Riportiamo, di seguito, le parole dell’autore delle suggestive fotografie, Massimo Cavalletti:
Un reparto ospedaliero è sempre un luogo di sofferenza. Una sofferenza che non è
facile da affrontare, né da chi la subisce né da chi ne è testimone. Entrare nel
reparto per fare fotografie mi sembrava come il proverbiale entrare dell’elefante in
una cristalleria. Alto il rischio di urtare sensibilità e dignità delle persone, riducendo
quel dolore a qualcosa che assomiglia a uno spettacolo. Il dolore è un’esperienza
personale che vive nel fisico e nell’animo di chi lo prova. È forse l’esperienza più
intima e inaccettabile che si possa provare. Difficile da condividere serenamente con
gli altri, soprattutto con estranei. Cercarne la rappresentazione fotografica può
significare violare questa intimità, forzare una condivisione non cercata. In poche
parole: essere irrispettosi.
Sono di natura poco espansivo e non avevo chiaro quale dovesse essere il
comportamento migliore per suscitare un sentimento di accettazione. Avevo timore
che la mia riservatezza potesse suscitare sospetto, aggiungere fastidio a fastidio.
Non essendo però capace di mascherare il mio vero sentire, ho deciso che avrei
dovuto essere semplicemente me stesso e puntare sulla chiarezza, sull’onestà e sul
rispetto. Così, pieno di dubbi su come avrebbero reagito i pazienti alla mia presenza
e su come io avrei reagito alla loro, sono entrato nel reparto in punta di piedi.

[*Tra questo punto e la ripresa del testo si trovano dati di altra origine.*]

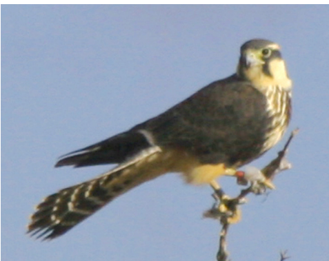
northern Aplomado falcon

The Recovery Plan recommends that an attempt should be made to establish
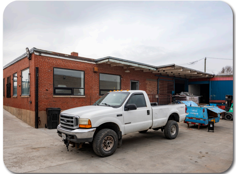
3100 S. Homan Avenue
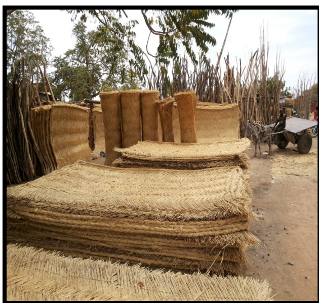
Plates 2. Local building materials trading at Dallanj town market

As shown in Table 7 a one-way analysis of variance (ANOVA) showed that respondent's occupations are significantly affect the uses of forests for the purposes of fuel wood, building materials, grazing, charcoal, trees products and entertainment (F= 8.400, 8.025, 5.180, 13.420, 2.790, 2.663 respectively, a = 0.05). These findings indicate that the respondents who work in occupations related to rural areas and natural resources (e.g. farmers, livestock breeders and wage laborers) are more widely use the forest's products. Table 8 also indicates that the respondent's occupations did not significantly affect the forest's uses for of hunting, furniture and beekeeping (F= 1.916, 1.449, 1.426 respectively, a = 0.05).
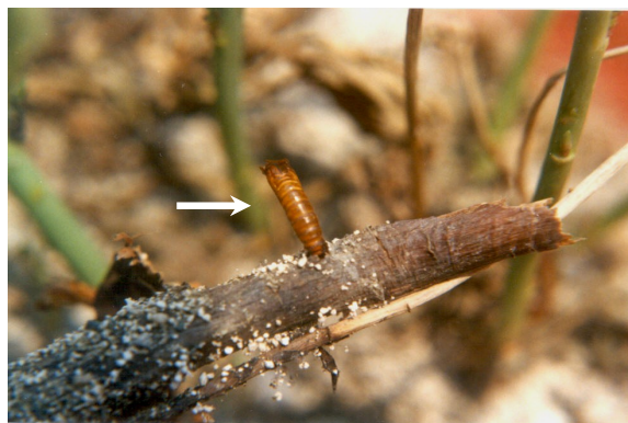
Figure 1. The chrysalid skin of C. schizoceriformis (arrowed) dragged outside of the stem.
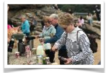
Prayer Breakfast on Coppet Hall Beach before our summer Beach Mission in 2019
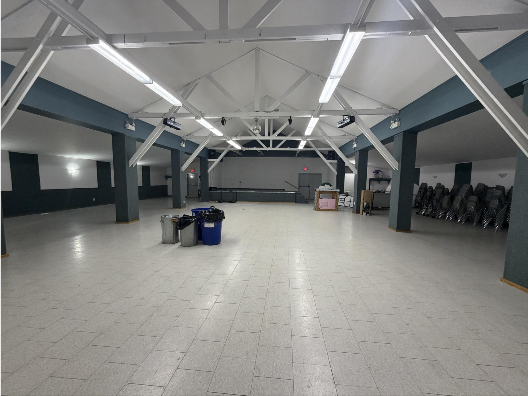
Interior Building Photos – 10310 Kylo Street
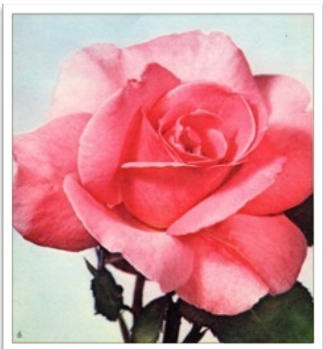
'Monique' 1937 cross, registered in 1947
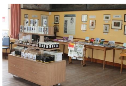
Retail area, Lady Waterford Hall

The Hall has a small retail area selling a range of gifts, cards, souvenirs, biscuits etc. There are a range of pamphlets and books about Louisa Waterford/her artwork. The Hall is also available for private hire – contact ladywaterfordhall@gmail.com or telephone 07971 326177.
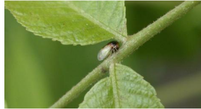
on Juglans nigra
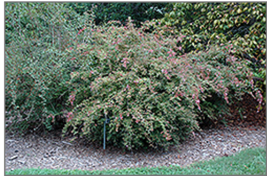
Edward Goucher Abelia in bloom
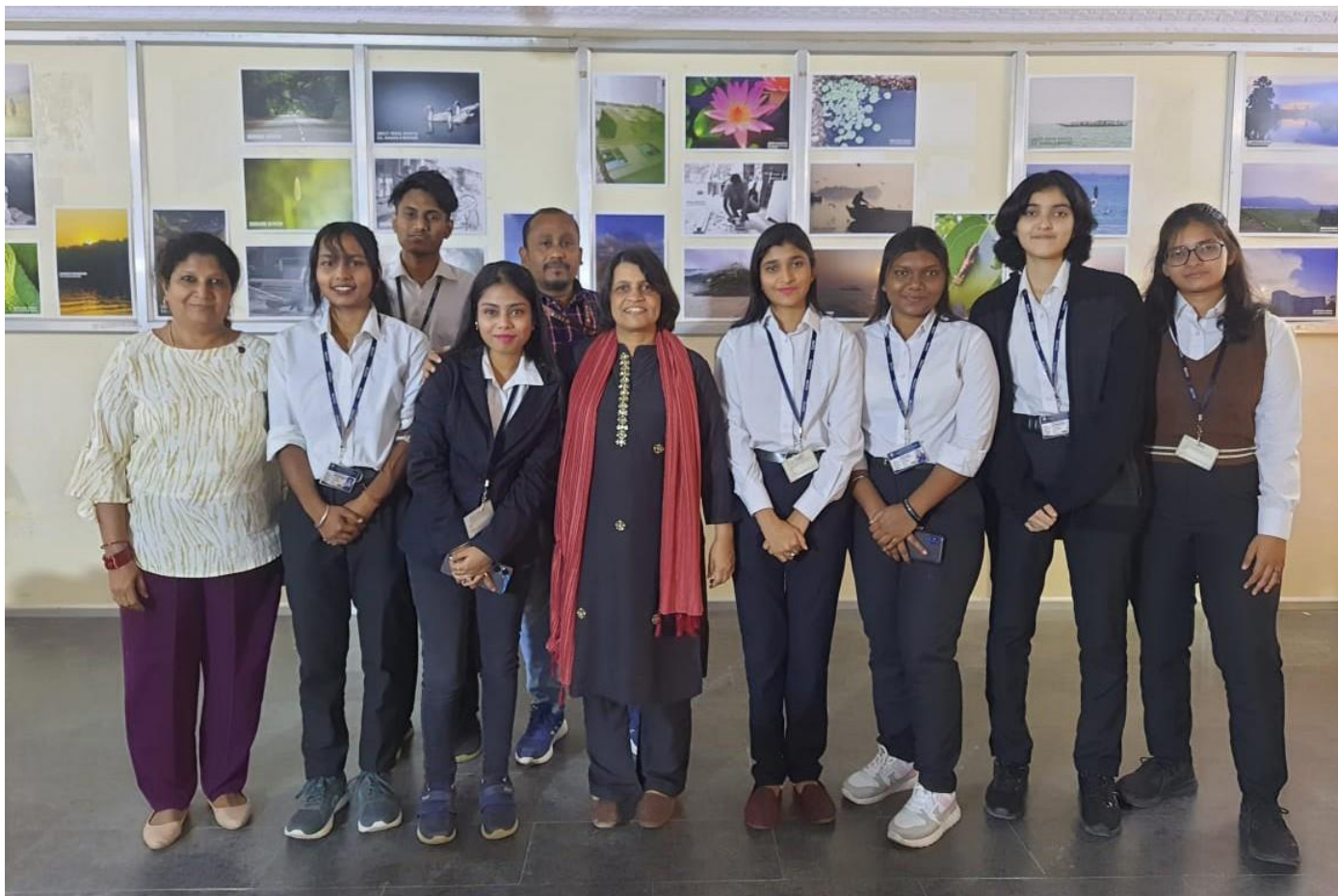
(Exhibition Participant and Faculty)
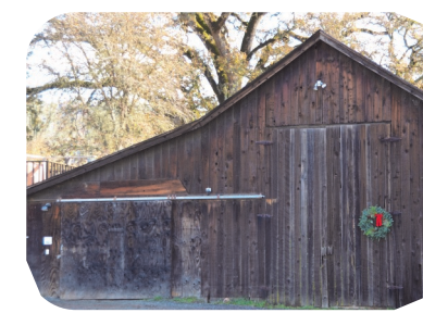
Charming old barn at entrance
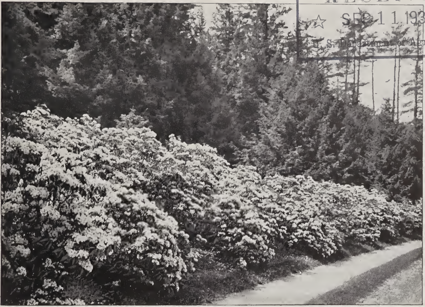
MOUNTAIN LAUREL. No more beautiful shrub can be used in woodland borders and mass plantings where native color effects are desired

LIBRARY RECEIVED ★ SEP 11 1936 ★ U. S. Department of Agriculture.
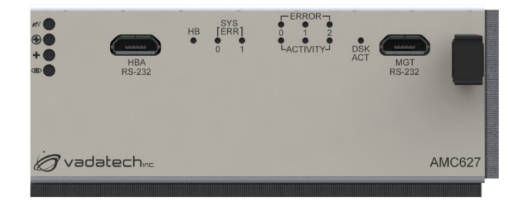
Figure 2: Front Panel
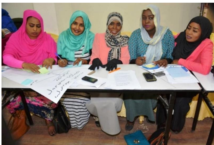
The safety training for women-journalists in Nyala, South Darfur, August 2017.

Finally, the SJU organized 3-day training sessions in several states, these included:
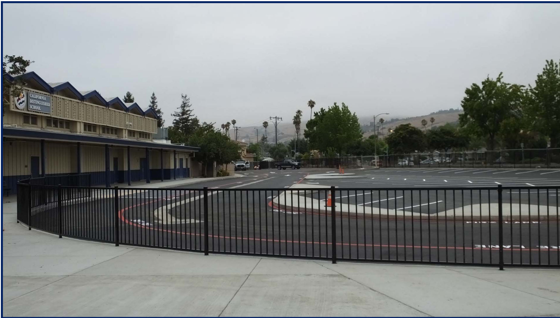
Piedmont Parking Lot
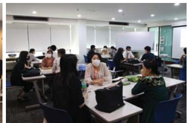
NPs in group discussion during mid-term interim session
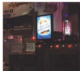
Bar & Grills
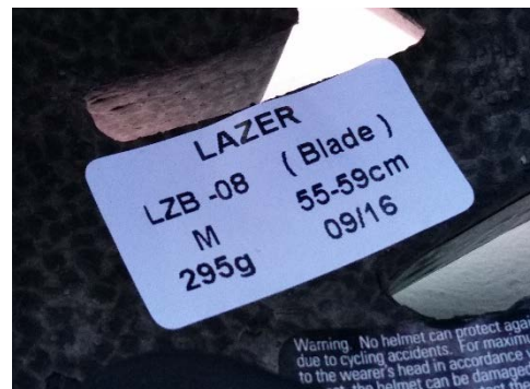
Manufacturing Date Location
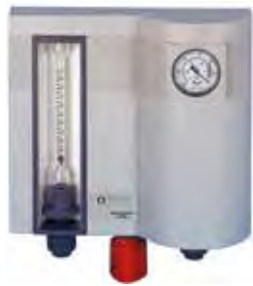
V10k manual system
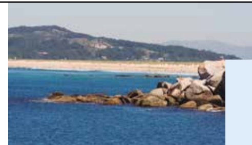
A Lanzada beach

The San Vicente peninsula provides us with the oldest iconographic representation of the translation of the body of the apostle St. James: a coin from the Compostelan diocese corresponding to the reign of Fernando II of León (1157-1188) found in the archaeological excavations of Adro Vello, on O Carreiro beach. The back of the coin, in silver and copper, and which is on exhibit today in Santiago's
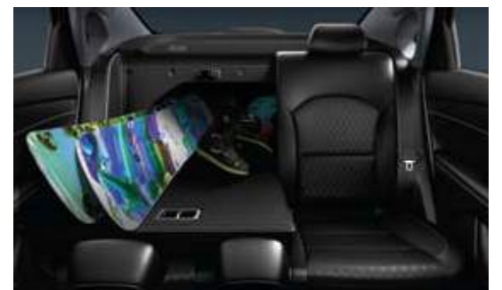
60:40 split folding seats
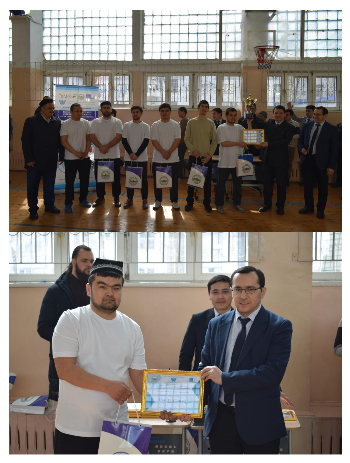
Victory and Recognition – A Celebration of Participation The winners receive medals and certificates, while all participants are acknowledged for their enthusiasm and contribution to fostering unity through sports.
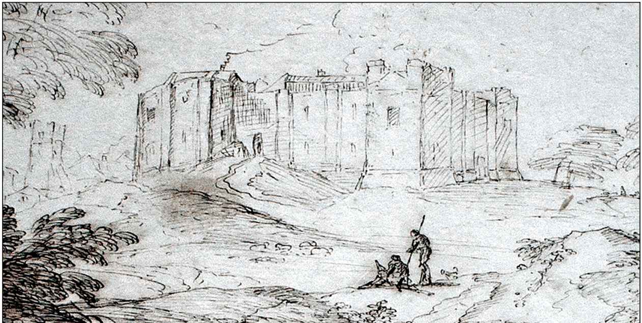
Fig. 47. Colchester Castle. A quick preparatory sketch drawing by Cornelis Bol (or Boul) (completed between 1650 and 1666). A cropped view of the east facade, with the apse of the chapel on the left. The door just to the right was probably created in the 16th or 17th century and has since been walled up. The original is at the Society of Antiquaries. Compare the Vertue engraving from a similar viewpoint.
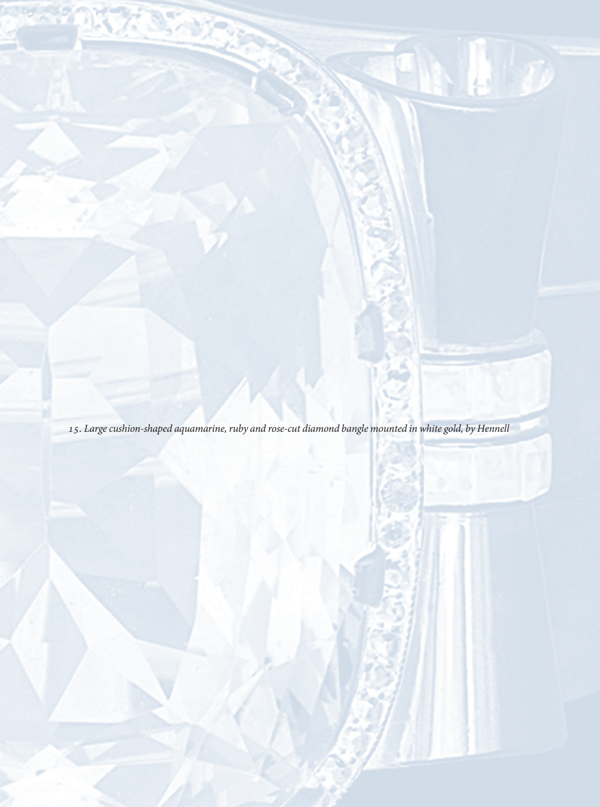
15. Large cushion-shaped aquamarine, ruby and rose-cut diamond bangle mounted in white gold, by Hennell
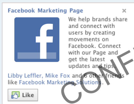
Home Page Engagement Ad

Below please find preliminary mocks of ad units that allow users to connect with Pages, in 1-click. Please keep in mind that these designs are not final and are highly confidential at this time.
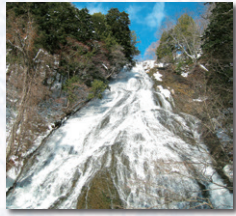
Yutaki Falls (5-minute walk from 44Yutaki Iriguchi)
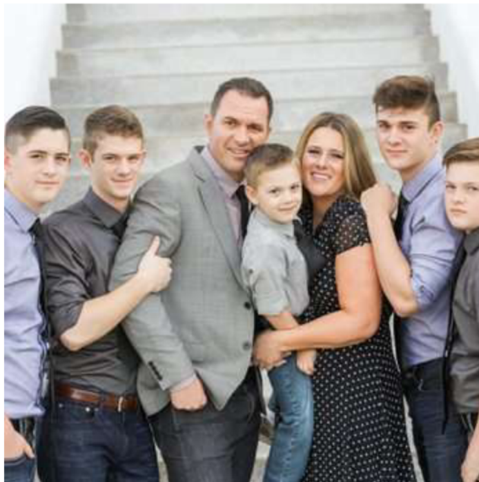
Peart Family Photo
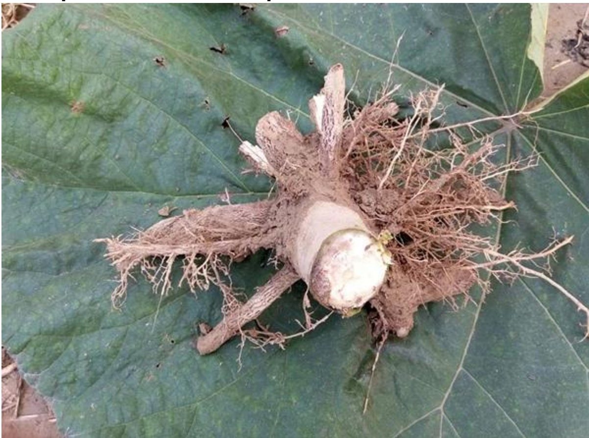
3.Clean paulownia stump with water
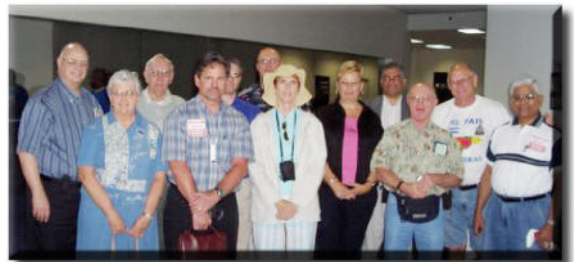
STAR Team on the Way

A Good Reception – On the whole, the Honduran people are very receptive and responsive to people from the U.S. Local church people made appointments for us to visit in homes where we could share the Gospel with people who were expecting us. They took time to hear what we had to say and ask us questions. People usually pay special attention to teams who have traveled great distances: “What might these strangers have to say that is so important that they would come so far to see me?”
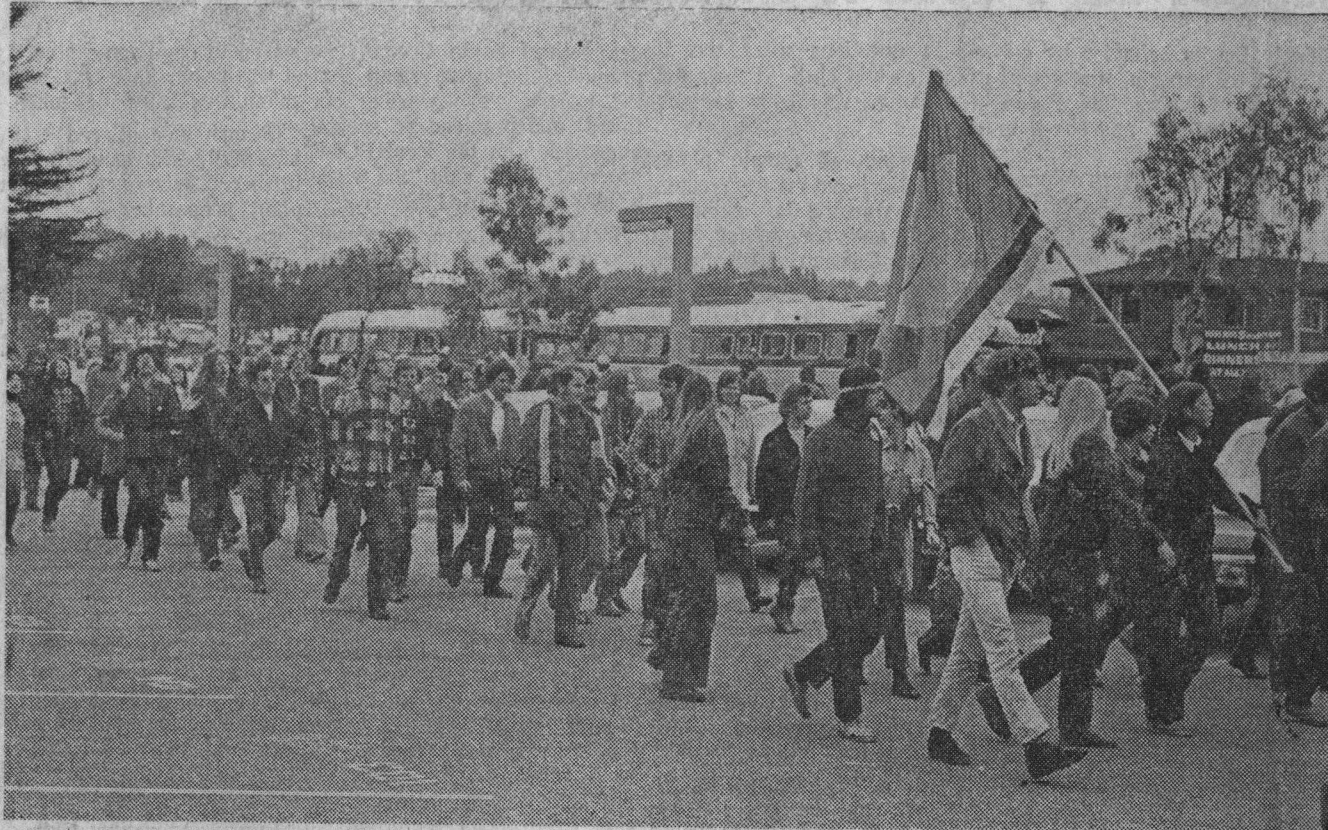
Some 400 young people march around two buses scheduled to take local men to the Army induction center in Oakland early this morning. The demonstrators halted the buses momentarily at county center until city policemen and sheriff's deputies cleared the way. No serious injuries were reported although some young people and lawmen were hurt. More protest pictures are on Page 10.
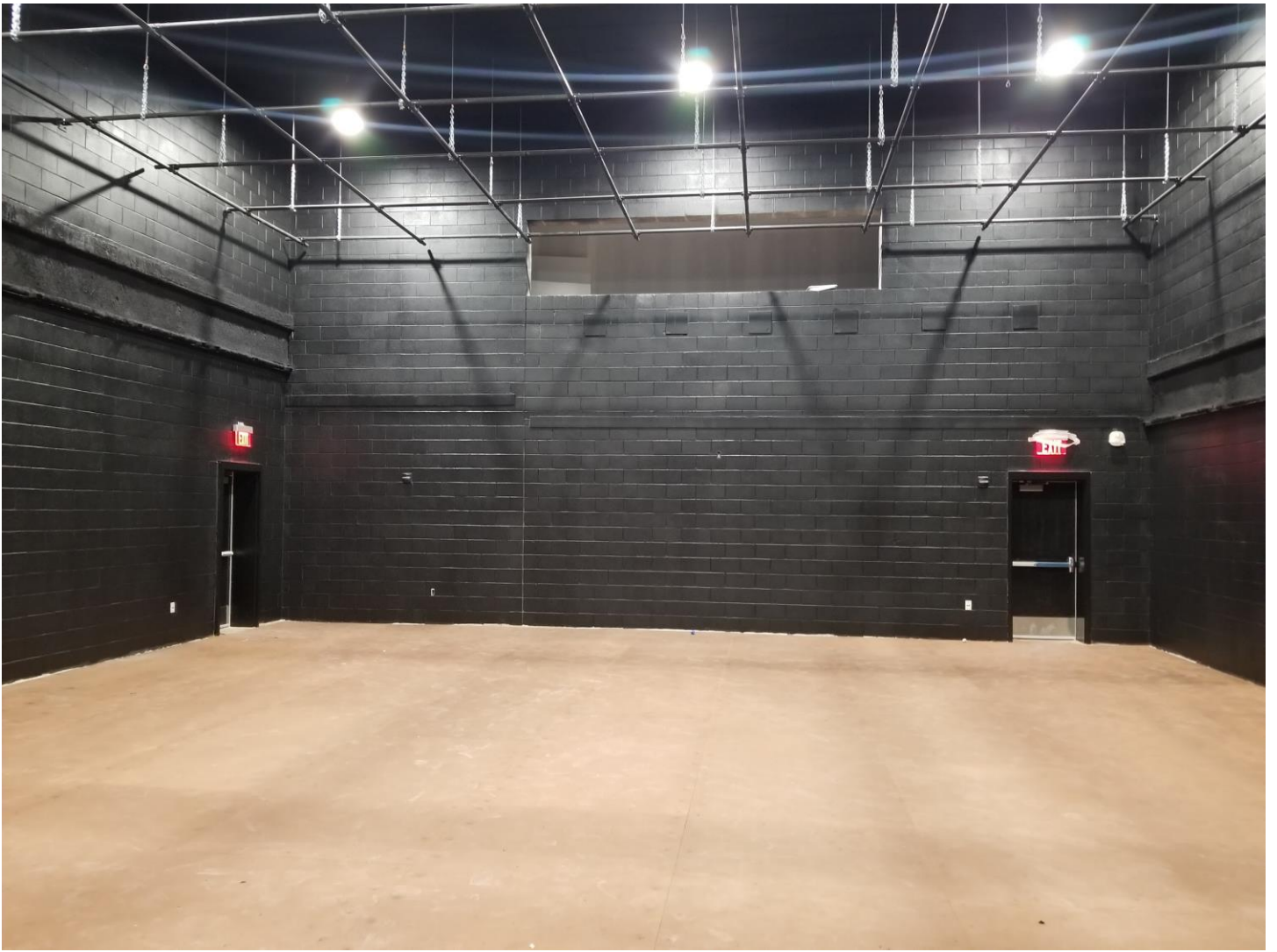
Black box theater.

Con una certa sorpresa accanto alla sofferenza ho trovato anche speranza. A chi ha
subito un intervento di protesi o una frattura, la riabilitazione permette nella
maggior parte dei casi il ritorno a una vita pressoché normale. La sofferenza è quindi
un momento di passaggio nel percorso della vita. Per essi la speranza si fa quasi
certezza.
Il reparto ospita però anche pazienti che hanno perso in parte o del tutto le capacità
motorie o quelle cognitive in seguito a ictus o gravi traumi cranici. Qui la sofferenza
che conta non è tanto quella fisica, quanto quella psicologica. Già prima di entrare in
reparto il paziente si deve confrontare con la certezza che la vita che ha vissuto fino
ad allora è finita. In molti casi si ha la consapevolezza di non poter più svolgere
autonomamente le normali pratiche di vita quotidiana, di aver bisogno quasi sempre
di una persona d’aiuto; la consapevolezza di dover affrontare un cambiamento
sostanziale nell’intrattenere rapporti sociali, per esempio per le difficoltà di
linguaggio; la consapevolezza che anche il rapporto con le persone della famiglia, le
persone a cui si vuol più bene, sarà diverso. Ecco allora che mi è sembrata
fondamentale l’empatia che tutto il personale del reparto mostra nel rapporto col
paziente. Sentire empatia in chi si prende cura di te genera fiducia nella possibilità
di recuperare e rende più efficaci gli interventi terapeutici messi in atto.
Ed è proprio per questo mix di empatia e di fiduciosa speranza che ho intitolato la
mostra “Cercando un’altra vita”, perché nella mia permanenza nel reparto ho avuto
netta la sensazione che, pur in presenza di gravi danni, sia possibile costruirsi
un’altra vita, diversa da quella che era, ma pur sempre degna di essere vissuta.